The Guernsey is a breed of dairy cattle developed on the Island of Guernsey in the English Channel. The breed originated from French cattle brought to the island by monks about 980 A.D. Guernseys were first imported to Canada by Sir John Abbott, a former Prime Minister and Minister of Agriculture in 1878. These cows are very adaptable. They do well under close confinement, such as zero grazing or dry lot feeding. They also handle intensive and extensive grazing conditions well.

The Guernsey breed has been declared endangered by Rare Breeds Canada. Its numbers have declined dramatically in recent years. Guernseys are distinguished by their tan and white colouring. They produce an average of 23 litres of milk per day with a high fat content (similar to the Brown Swiss).
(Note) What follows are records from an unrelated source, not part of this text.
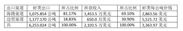 这样出口时,海路渠道出口占了较大的比例。边贸渠道出口的虾类重量不到总出口量的五分之一,但所获收入却占总收入的三成以上比例。造成这样的原因,就是所获价钱不同所致。海路出口时,每公吨虾所获不到3千美元,而由边贸出口时,每公吨价钱却在5千美元以上。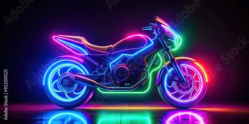 motorcycle, neon, technology, dark background, vibrant, light, glowing, electric, illumination, dynamic, energetic, speed, nightlife, colourful, transportation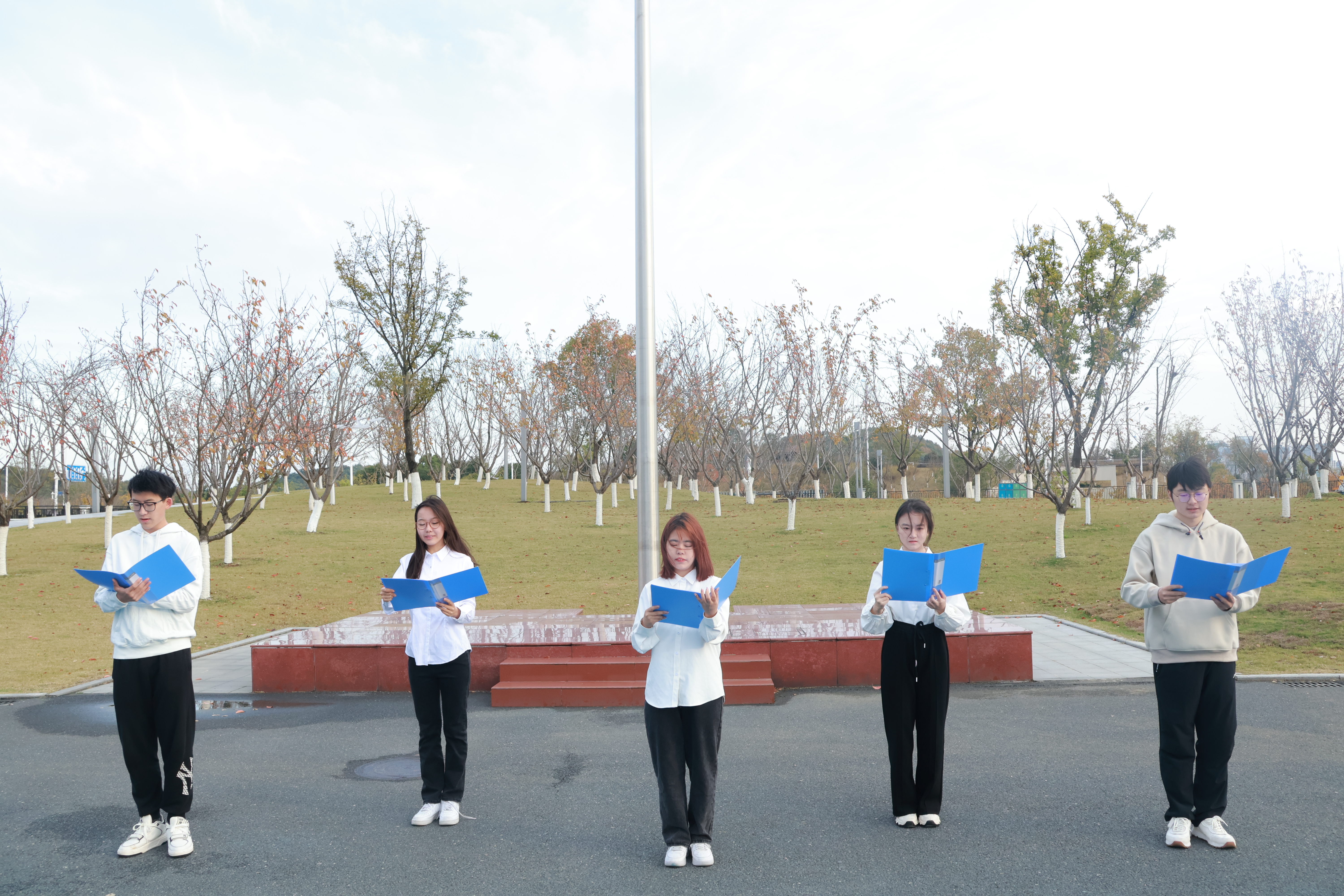 在慷慨激昂的旋律中,国旗班成员护送五星红旗入场。伴随着《义勇军进行曲》,五星红旗冉冉升起,全体人员肃立,行注目礼,齐唱国歌,向国旗致以崇高的敬意。

Holsteins have the highest average milk production (30 litres per day) and the greatest protein content in their milk. They also have a good food conversion ratio (the ability to turn food into milk). It’s no wonder, then, that they make up 90 percent of dairy cows in Canada. Most Holsteins are black and white, but some have a red and white coat. You can often see both sets of colouring at the Museum.



Jersey cows originally came from the Island of Jersey in the English Channel, off the coast of France. They were first imported to Canada in 1868. Canadian Jerseys are generally light fawn (deer-like) to black in colour. They may have white patches. With the highest fat content of all dairy breeds, milk from Jersey cows is perfect for cheeses, ice cream, and whipping cream. The Jersey is one of the smallest dairy breeds. Still, its milk production is close to that of the Guernsey at 22 litres per day.

Milking Shorthorn

Milking Shorthorn.

Shorthorns were first brought to Canada in the early 1800s as a multipurpose breed. Shorthorn cattle could be raised for meat, produce milk, and serve as draft animals. Today, the Milking Shorthorn has developed into a hardy, good-natured, efficient milk producer. Like the beef cattle Shorthorn, the Milking Shorthorn comes in red, white, and roan (a blend of red and white hairs). It has an excellent food conversion rate (the ability to turn food into milk) and a moderately high milk output.